Markets reacted to a U.S. statement that President Donald Trump would pause attacks on Iran's energy infrastructure for 10 days at Tehran's request, and that talks with Iran were "going very well." The announcement helped to calm global markets after weeks of heightened volatility linked to the U.S.-Israel conflict with Iran, but traders remained alert to the possibility of sudden shifts.
Analysts at MUFG framed their outlook cautiously, saying their base case is for a relatively short-lived US-Iran conflict with the geopolitical risk premium fading over time. They noted, however, that the risk skew favored a more protracted conflict scenario that could keep energy prices elevated for longer.
MUFG analysts also highlighted that in Asia FX, the currencies most vulnerable to further escalation in Middle East tensions are those with the highest dependence on energy imports, specifically mentioning the South Korean won and the Japanese yen as most exposed.
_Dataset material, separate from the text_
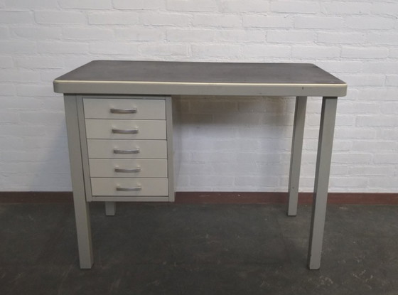 DESIGNER BUREAUTJE : Gispen Jaren '50 AFMETINGEN: 95 x 50 x 71 cm (B x D x H) MATERIAAL: Metalen frame en ladeblok, zwart linoleum blad CONDITIE: goed. Enkele krasjes op de poten en enkele afdrukken in het tafelblad; zie foto’s.

On currency moves, the Japanese yen experienced a slight move with the USD/JPY pair edging 0.1% lower. The South Korean won's USD/KRW was little changed. China's onshore dollar-yuan rate, USD/CNY, ticked up 0.1%, while the Singapore dollar's USD/SGD traded flat.
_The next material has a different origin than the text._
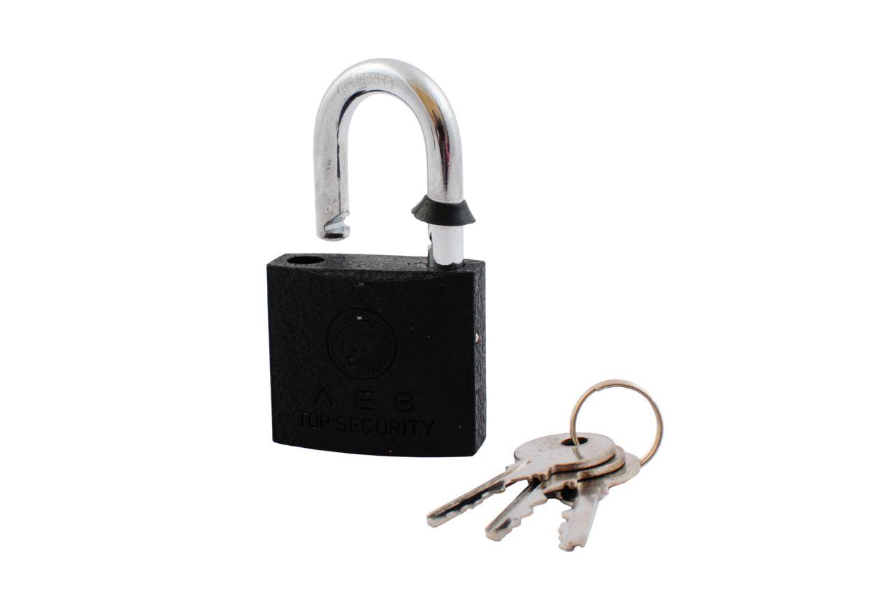 Навесной замок с закаленной дужкой, ширина 63 мм. Материал - чугун с антикоррозийным порошковым покрытием. В комплекте с замком три ключа.

The Indian rupee continued to weaken against the dollar, with the USD/INR pair falling 0.1% to 94.174 rupees after earlier reaching a record high of 94.301 rupees. Elsewhere in the region, the Australian dollar showed modest strength as the AUD/USD pair rose 0.2%.
Underlying the resilience of the U.S. dollar were persistent market expectations that U.S. interest rates will stay higher for longer, a view reinforced by a surge in oil prices earlier this month that had stoked inflation worries. At the peak of the recent Middle East tensions, crude briefly spiked toward $120 per barrel, prompting concern about an energy-driven inflation shock.
MUFG commented that the combination of "high for longer" U.S. rates, elevated geopolitical uncertainty, and risk-off moves in equity markets continued to support the dollar while keeping Asian currencies on the defensive.
Market context
- The recent pause in planned attacks on Iran's energy infrastructure temporarily eased immediate market pressure, but traders remain wary of reversals.
- Energy importers in Asia are seen as particularly exposed to further geopolitical escalation, which could feed through to FX and inflation dynamics.
- The U.S. dollar's strength reflects both rate expectations and heightened geopolitical risk, factors that are weighing on currency peers across the region.
The currency landscape stayed cautious as market participants continued to monitor diplomatic developments and energy price trends for signals that could sway monetary and asset market expectations.